Ronald Coase’s theory of the firm tells us that companies exist to reduce transaction costs (so that you don’t have to go rehire all your employees and rent a new office every morning on the free market). His theory states that the lower the intra-firm transaction costs, the larger the firms will grow. Five hundred years ago, it was practically impossible to coordinate knowledge work across thousands of people and dozens of offices. So you didn’t get very big firms. Now you can spin up an arbitrarily large Slack channel or HR database, so firms can get much bigger.

The Future of Firms and Automation

The ability to create autonomous agents like Mr. Meeseeks for any task raises questions about the future of firms and their role in the economy, as companies may no longer need to outsource tasks or partner with other firms, and instead, can replicate the necessary expertise and capabilities internally.

Conglomerates and Economic Dominance

The first firm to achieve complete automation could potentially form a conglomerate that dominates the entire economy, as they would be able to replicate any task or service without relying on external partners or suppliers, and could scale their operations with unprecedented speed and efficiency.

Ronald Coase's Theory of the Firm

According to Ronald Coase's theory, firms exist to reduce transaction costs, and the lower the intra-firm transaction costs, the larger the firms will grow, which suggests that advances in technology and automation could lead to the formation of massive conglomerates that internalize most of their transactions and operations.

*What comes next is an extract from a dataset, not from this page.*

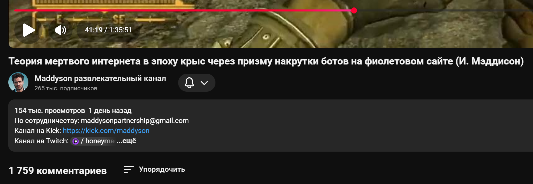 мэд на +-200000 ботов недавно стримил слэй и приглашал к сотрудничеству реков, чтобы он спал на трансляции с ботами с их баннером про кик говорил, что крутит, и что кику пофиг на крутку, просто не платят за зрителей (ну так платит казик, так как по методичке илюши онлаин важен)
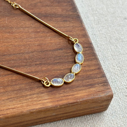Curved Moonstone Mixed Chain Gold-plated Sterling Silver Necklace

Implications for the Economy and Society

The emergence of such conglomerates could have significant implications for the economy and society, as they could potentially disrupt traditional industries, create new opportunities for growth and innovation, and raise questions about the role of government and regulation in a highly automated economy, and will likely require a reevaluation of the social and economic structures that underpin our society.